DATA EXTRACTS:

┌────────

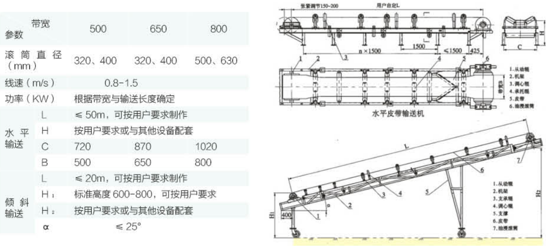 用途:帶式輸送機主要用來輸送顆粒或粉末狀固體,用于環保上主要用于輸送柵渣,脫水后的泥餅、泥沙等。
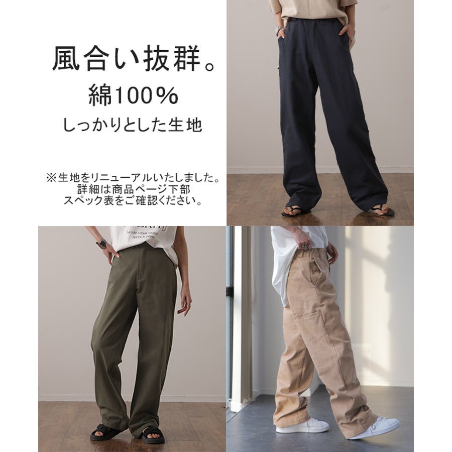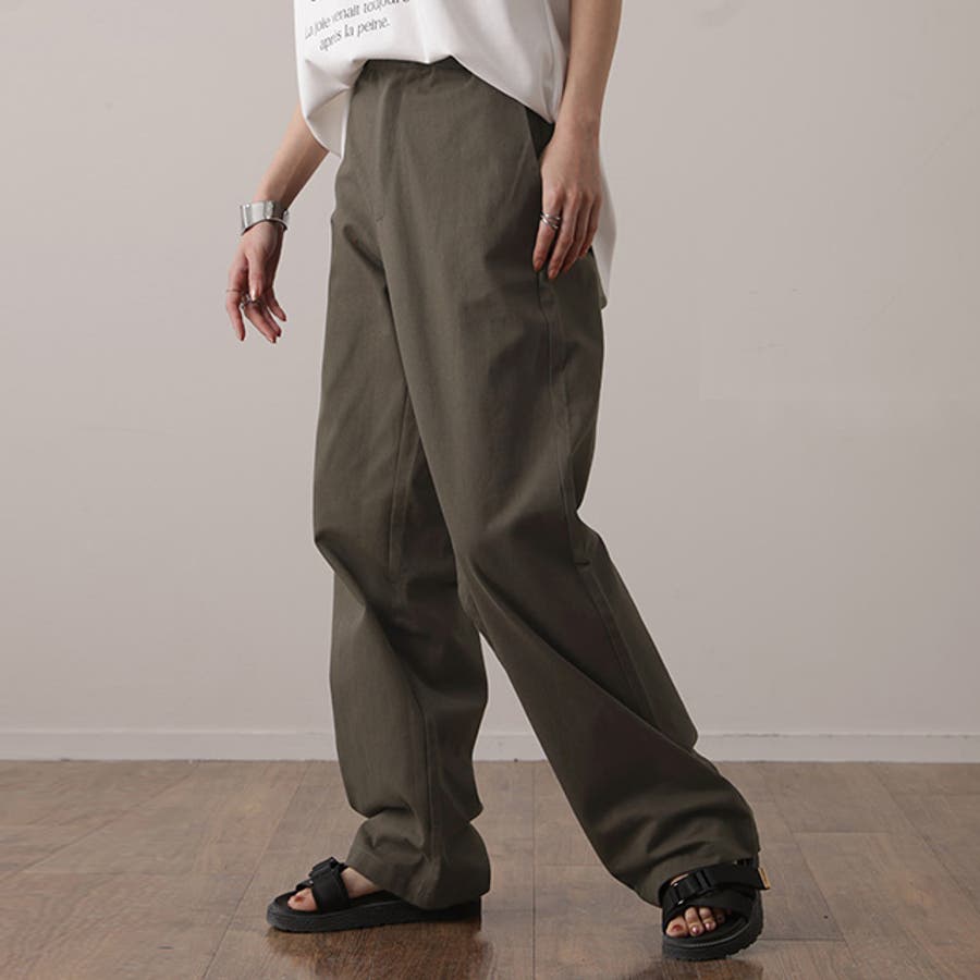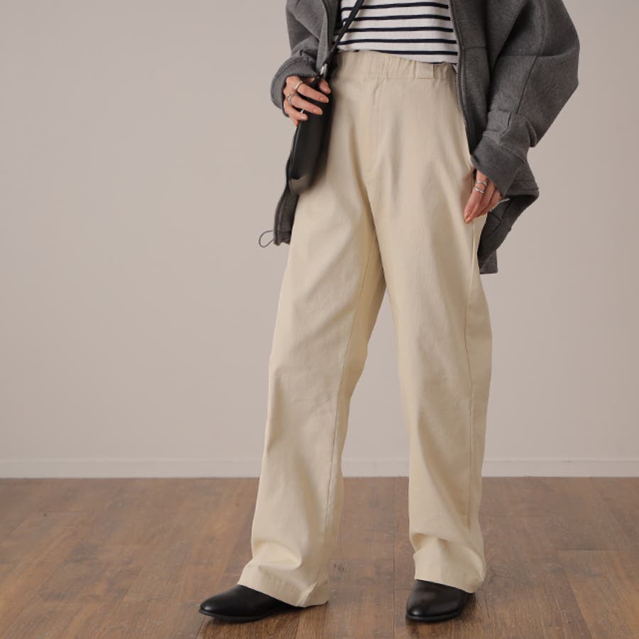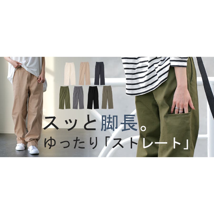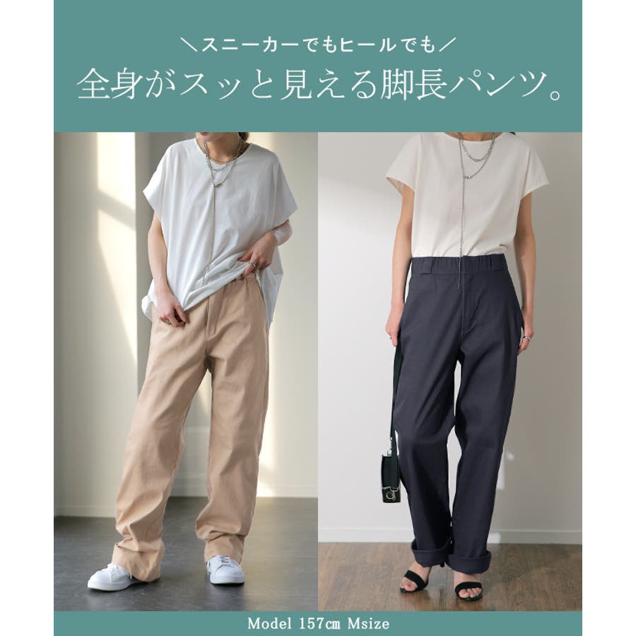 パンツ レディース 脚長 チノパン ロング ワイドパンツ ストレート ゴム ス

└────────
┌────────

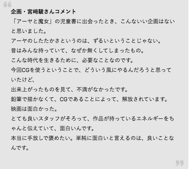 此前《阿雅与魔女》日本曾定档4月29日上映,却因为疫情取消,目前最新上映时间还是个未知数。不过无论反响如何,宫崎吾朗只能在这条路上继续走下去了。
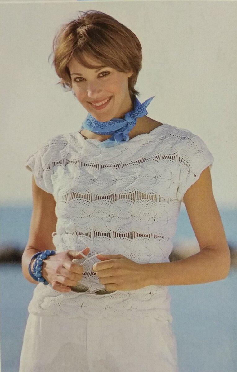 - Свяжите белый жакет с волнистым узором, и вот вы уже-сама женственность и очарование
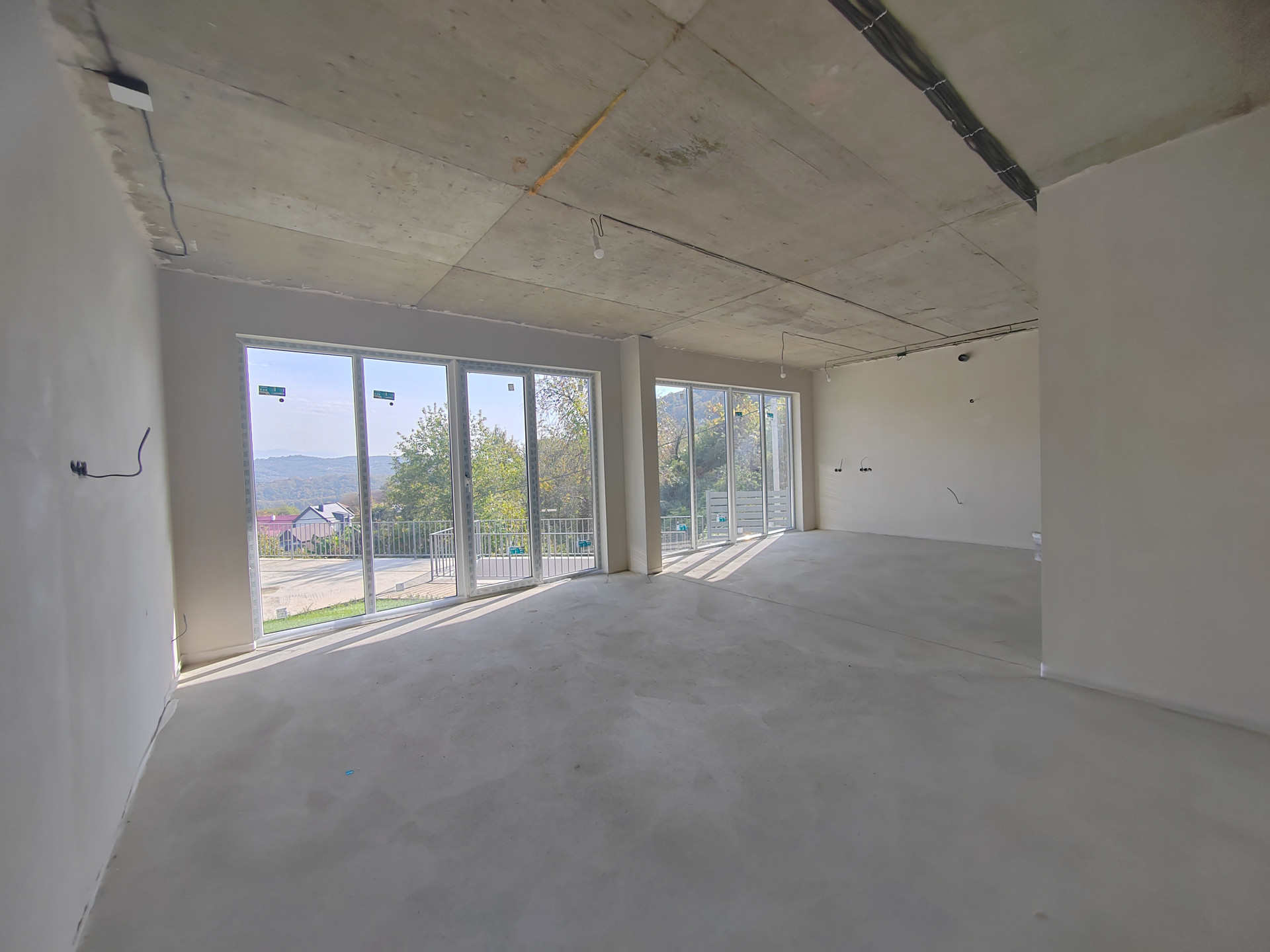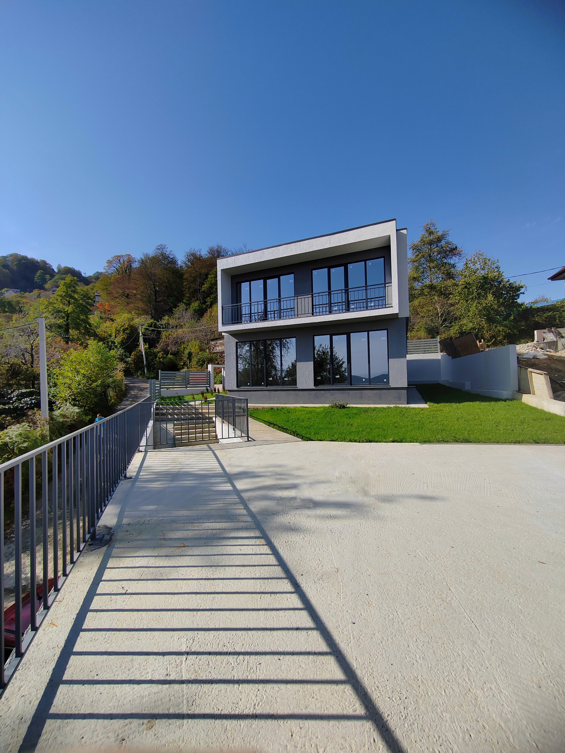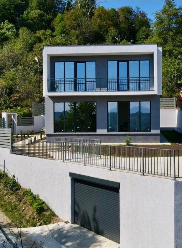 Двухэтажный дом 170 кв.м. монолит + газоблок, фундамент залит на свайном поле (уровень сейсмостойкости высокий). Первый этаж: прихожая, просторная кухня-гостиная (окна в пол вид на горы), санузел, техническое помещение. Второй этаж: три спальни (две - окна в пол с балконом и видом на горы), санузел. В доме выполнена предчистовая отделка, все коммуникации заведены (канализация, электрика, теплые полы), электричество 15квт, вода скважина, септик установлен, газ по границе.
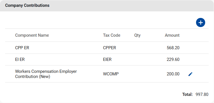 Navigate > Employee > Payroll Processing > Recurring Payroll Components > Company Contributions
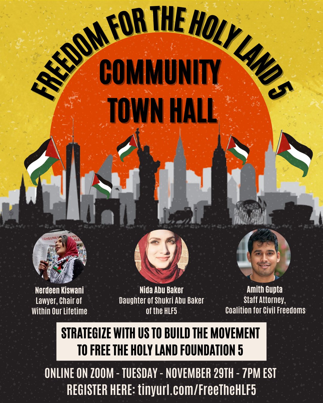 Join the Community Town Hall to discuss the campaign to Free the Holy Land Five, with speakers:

└────────

ACTIVITY:
Your copy should hold only the lines above from the one containing "用途:帶式輸送機主要用來輸送" through the one containing "パンツ レディース 脚長 チノパン ロング ワイドパンツ ストレート ゴム ス", exactly as written and free of pictures.

EXERCISE OUTPUT:
 用途:帶式輸送機主要用來輸送顆粒或粉末狀固體,用于環保上主要用于輸送柵渣,脫水后的泥餅、泥沙等。
 パンツ レディース 脚長 チノパン ロング ワイドパンツ ストレート ゴム ス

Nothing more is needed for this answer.